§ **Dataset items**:
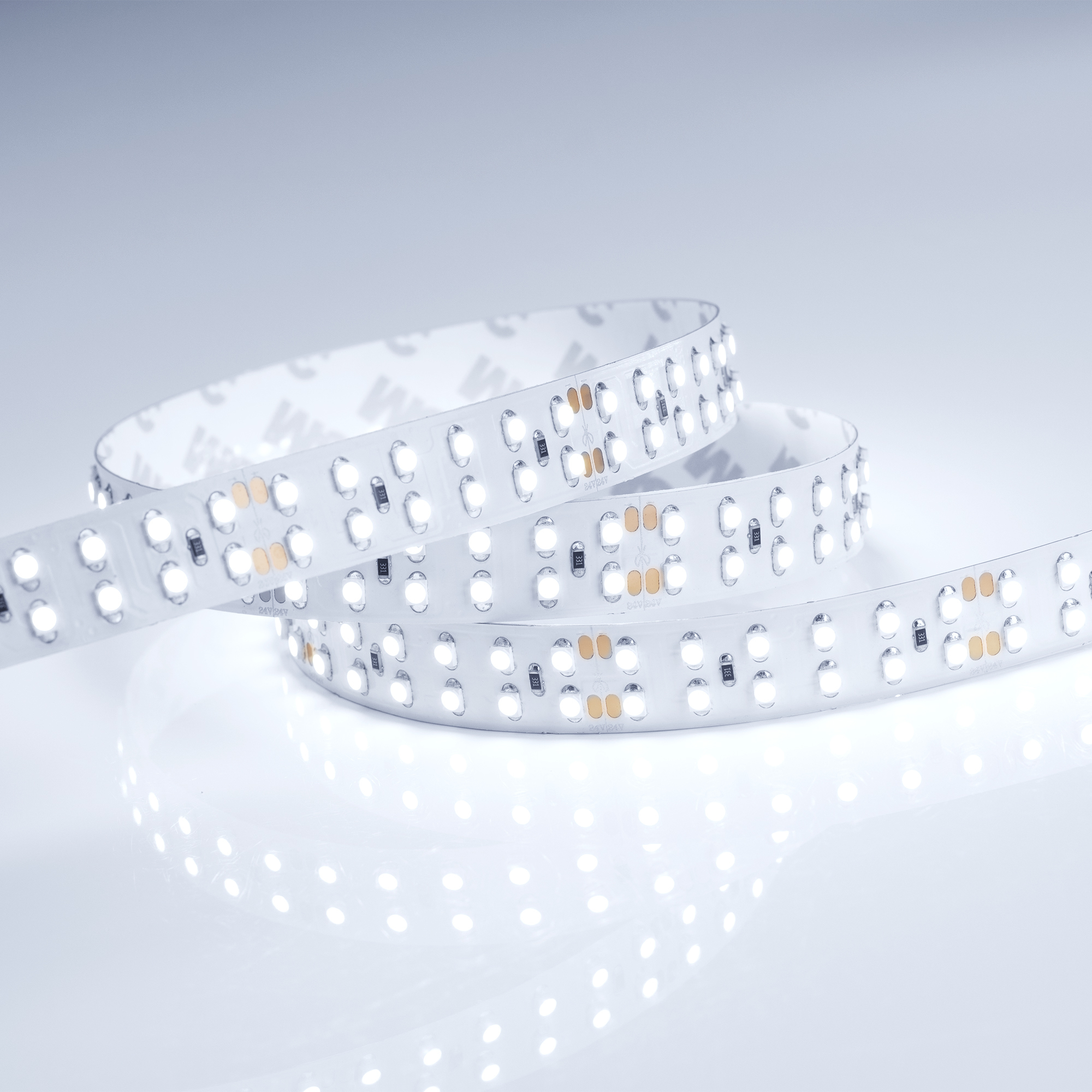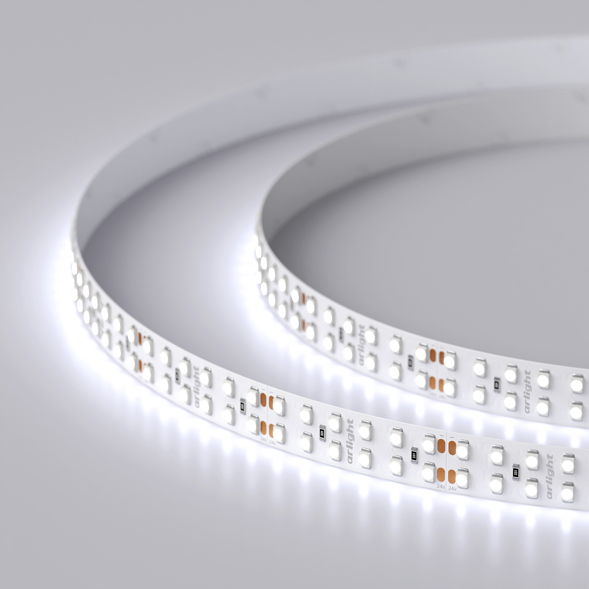 Гибкая лента LUX, 2 ряда, светодиоды smd 3528, 240шт/м 1200шт на 5м, белая плата 15мм, скотч 3М. Цвет ХОЛОДНЫЙ 7700-9600K. Питание 24V, мощность 19.2 Вт/м 96 Вт на 5м, угол 120°, цветопередача CRI>85. Размеры 5000х15x2.4мм. Мин.отрезок 50мм, 12шт светодиодов. Пакет 5м. Цена за 1м. 013746
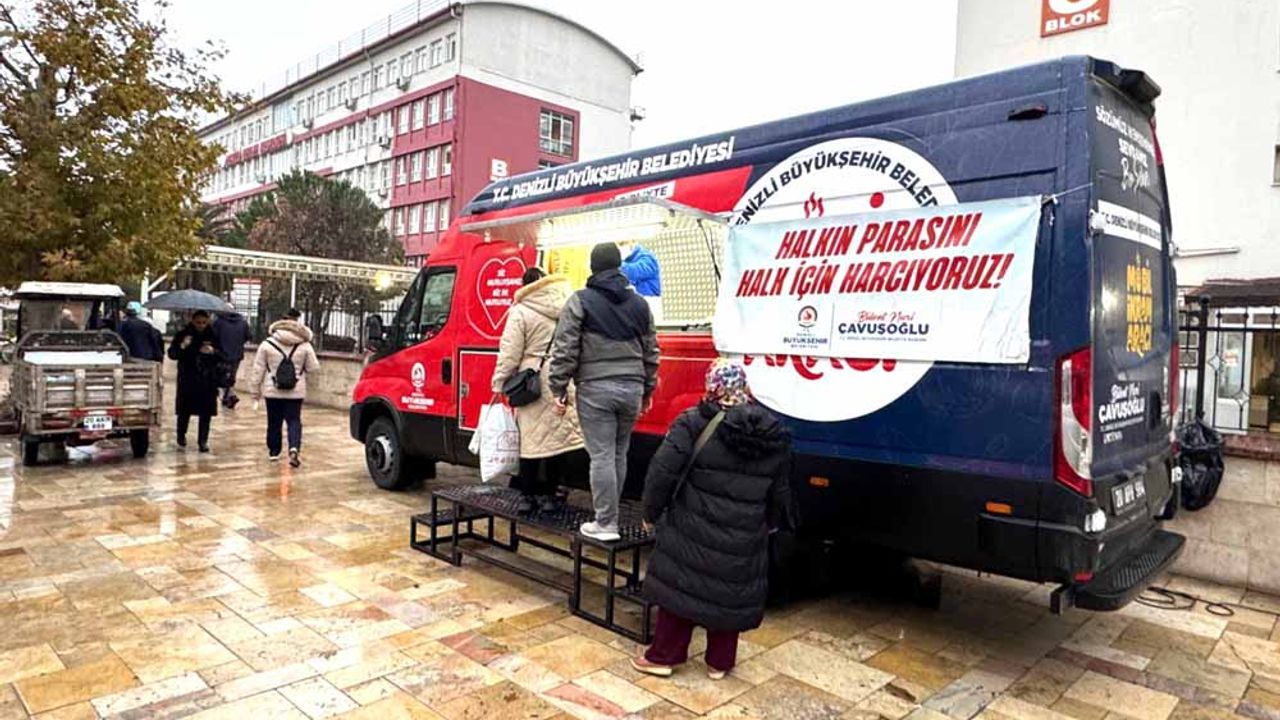 Denizli’de etkili olan soğuk hava ve sağanak yağışa rağmen sosyal belediyecilik faaliyetlerine ara vermeden devam eden Denizli Büyükşehir Belediyesi, mobil ikram araçlarını bu kez sağlık hizmeti alan vatandaşlar ve yakınları için seferber etti. Denizli Büyükşehir Belediyesi Sosyal Hizmetler Dairesi Başkanlığı Aşevi Şube Müdürlüğü, her gün şehrin farklı bir bölgesinde hizmet veren ikram aracını bu kez Denizli Devlet Hastanesi önünde konuşlandırdı. Sabahın erken saatlerinden itibaren başta hasta ve yakınları olmak üzere tüm vatandaşlara sıcak çorba dağıtan ekipler hem içleri ısıttı, hem de gönülleri fethetti. Yağmurlu ve soğuk havada, özellikle doktor randevusunu bekleyen hasta ve yakınları ikram aracına yoğun ilgi gösterdi.
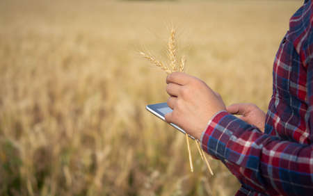 The farmer examines ears of ripe wheat through a magnifying glass
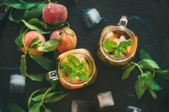 U vrč ulijte mineralnu vodu pa umiješajte kamilicu i lavandu. Poklopite i ostavite u hladnjaku otprilike jedan sat. Za to vrijeme u mali lonac stavite sirovi šećer, ulijte 5 žlica vode pa kuhajte na laganoj vatri dok se šećer potpuno ne rastopi, a mješavina zakipi. Ostavite da se taj sirup potpuno ohladi. Čaj izvadite iz hladnjaka i procijedite, ponovno ulijte u vrč te umiješajte ohlađeni sirup. Breskve operite, očistite (ne trebate ih guliti) i narežite pa dodajte u čaj. Poklopite i ostavite u hladnjaku još najmanje 3 sata kako bi se čaj prožeo aromom bresaka. Poslužite hladno, po želji s malo svježe iscijeđenoga limunova soka.
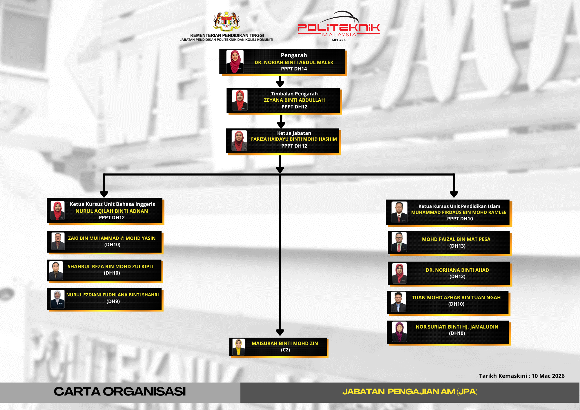 Jabatan Pengajian Am merupakan jabatan sokongan yang bekerjasama dengan empat jabatan induk iaitu Jabatan Kejuruteraan Awam, Jabatan Kejuruteraan Elektrik, Jabatan Kejuruteraan Mekanikal dan Jabatan Perdagangan. Jabatan ini memegang amanah untuk melahirkan pelajar-pelajar berwibawa yang cemerlang, bukan sahaja dari sudut kemahiran bahasa, malah pelajar-pelajar yang tinggi sahsiah, kukuh rohani dan mantap akidahnya untuk menempuh kehidupan luar.

§ **WHAT YOU NEED TO DO**:
Write each entry again exactly, minus any images.

§ **PROBLEM SOLUTION**:
 Гибкая лента LUX, 2 ряда, светодиоды smd 3528, 240шт/м 1200шт на 5м, белая плата 15мм, скотч 3М. Цвет ХОЛОДНЫЙ 7700-9600K. Питание 24V, мощность 19.2 Вт/м 96 Вт на 5м, угол 120°, цветопередача CRI>85. Размеры 5000х15x2.4мм. Мин.отрезок 50мм, 12шт светодиодов. Пакет 5м. Цена за 1м. 013746
 Denizli’de etkili olan soğuk hava ve sağanak yağışa rağmen sosyal belediyecilik faaliyetlerine ara vermeden devam eden Denizli Büyükşehir Belediyesi, mobil ikram araçlarını bu kez sağlık hizmeti alan vatandaşlar ve yakınları için seferber etti. Denizli Büyükşehir Belediyesi Sosyal Hizmetler Dairesi Başkanlığı Aşevi Şube Müdürlüğü, her gün şehrin farklı bir bölgesinde hizmet veren ikram aracını bu kez Denizli Devlet Hastanesi önünde konuşlandırdı. Sabahın erken saatlerinden itibaren başta hasta ve yakınları olmak üzere tüm vatandaşlara sıcak çorba dağıtan ekipler hem içleri ısıttı, hem de gönülleri fethetti. Yağmurlu ve soğuk havada, özellikle doktor randevusunu bekleyen hasta ve yakınları ikram aracına yoğun ilgi gösterdi.
 The farmer examines ears of ripe wheat through a magnifying glass
 U vrč ulijte mineralnu vodu pa umiješajte kamilicu i lavandu. Poklopite i ostavite u hladnjaku otprilike jedan sat. Za to vrijeme u mali lonac stavite sirovi šećer, ulijte 5 žlica vode pa kuhajte na laganoj vatri dok se šećer potpuno ne rastopi, a mješavina zakipi. Ostavite da se taj sirup potpuno ohladi. Čaj izvadite iz hladnjaka i procijedite, ponovno ulijte u vrč te umiješajte ohlađeni sirup. Breskve operite, očistite (ne trebate ih guliti) i narežite pa dodajte u čaj. Poklopite i ostavite u hladnjaku još najmanje 3 sata kako bi se čaj prožeo aromom bresaka. Poslužite hladno, po želji s malo svježe iscijeđenoga limunova soka.
 Jabatan Pengajian Am merupakan jabatan sokongan yang bekerjasama dengan empat jabatan induk iaitu Jabatan Kejuruteraan Awam, Jabatan Kejuruteraan Elektrik, Jabatan Kejuruteraan Mekanikal dan Jabatan Perdagangan. Jabatan ini memegang amanah untuk melahirkan pelajar-pelajar berwibawa yang cemerlang, bukan sahaja dari sudut kemahiran bahasa, malah pelajar-pelajar yang tinggi sahsiah, kukuh rohani dan mantap akidahnya untuk menempuh kehidupan luar.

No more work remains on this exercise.